How can accounting save our water and our food supply?

By Ken Witt

An article on the IFAC Global Knowledge Gateway by researchers Dr. Martin Kuertz, Dr. Tony Colman, and Prof. Tony Allan tees off with a reference to a report that captured the opinion of experts and global decision makers in the run-up to the 2015 World Economic Forum meeting in Davos. In that report water was identified as the number one risk threatening global stability.

There are significant water issues in many regions around the globe, in both developing and industrialized nations. However, recent media “hotspots” include the US, where California recently implemented its most severe water restriction regulations, and Spain, where farmers are fighting developers over water rights.

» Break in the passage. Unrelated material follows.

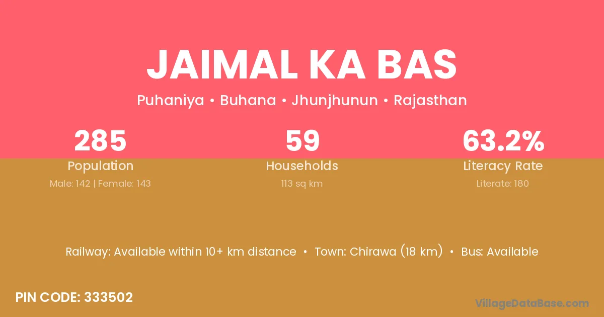 Jaimal Ka Bas village has a total population of 285 people, of which 142 are males and 143 are females.

This IFAC article focuses on the food supply chain, where at no stage do stakeholders have to account for how much water they use. It characterizes California, a naturally arid state, as a “net exporter” of water because of the water embedded in the food that it sells. While hugely expensive in many respects, the cost of this water is not captured in the prices charged for the vast volumes of fruits and vegetables grown there and exported out of state.

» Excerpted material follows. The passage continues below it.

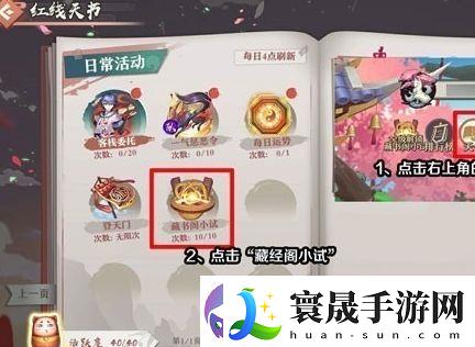 活动入口:点击右上角的【天书】,然后在红线天书的“日常活动”中,找到【藏经阁小试】。

Noting that all inputs are accounted for in the $5-7 trillion food market, except for the environment, the authors argue that there is an opportunity, or responsibility, for the accounting profession to develop rules for pricing water and payment to farmers for caring for water. By incorporating these costs into food prices, as labor and energy expenses are, we will facilitate a more sustainable system for food production around the world.

The CGMA briefing Rethinking the Value Chain: Accounting for Natural Capital in the Value Chain highlights the importance of sustainable sourcing in the food industry, citing a Trucost statement about General Mills which has determined that 99% of its water use occurs outside of its operations. This CGMA briefing identifies the risks and opportunities associated with natural capital depletion in business, and the CFO and finance professional’s role in natural capital accounting through the entire value chain.